■ Study material:
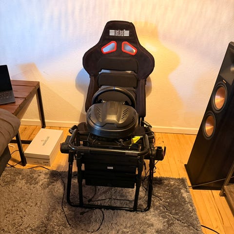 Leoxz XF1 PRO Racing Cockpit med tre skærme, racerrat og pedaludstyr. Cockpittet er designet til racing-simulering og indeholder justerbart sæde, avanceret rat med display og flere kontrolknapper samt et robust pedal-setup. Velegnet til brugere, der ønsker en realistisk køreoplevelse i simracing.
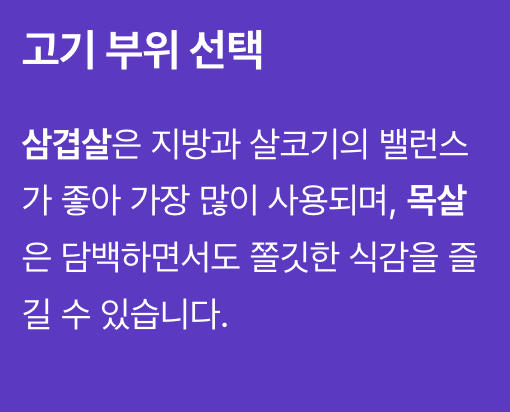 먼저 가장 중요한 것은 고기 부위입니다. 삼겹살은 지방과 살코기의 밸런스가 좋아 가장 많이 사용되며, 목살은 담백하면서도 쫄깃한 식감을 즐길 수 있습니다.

---

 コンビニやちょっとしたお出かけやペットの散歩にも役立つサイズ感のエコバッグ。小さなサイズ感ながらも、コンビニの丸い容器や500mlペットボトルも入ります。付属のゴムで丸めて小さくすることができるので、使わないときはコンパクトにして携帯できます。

■ Problem requirements: In the listing above, find the line containing "Leoxz XF1 PRO" and the line containing "먼저 가장 중요한 것은". Print those two lines and every line between them exactly, with no pictures.

■ Response to this task:
 Leoxz XF1 PRO Racing Cockpit med tre skærme, racerrat og pedaludstyr. Cockpittet er designet til racing-simulering og indeholder justerbart sæde, avanceret rat med display og flere kontrolknapper samt et robust pedal-setup. Velegnet til brugere, der ønsker en realistisk køreoplevelse i simracing.
 먼저 가장 중요한 것은 고기 부위입니다. 삼겹살은 지방과 살코기의 밸런스가 좋아 가장 많이 사용되며, 목살은 담백하면서도 쫄깃한 식감을 즐길 수 있습니다.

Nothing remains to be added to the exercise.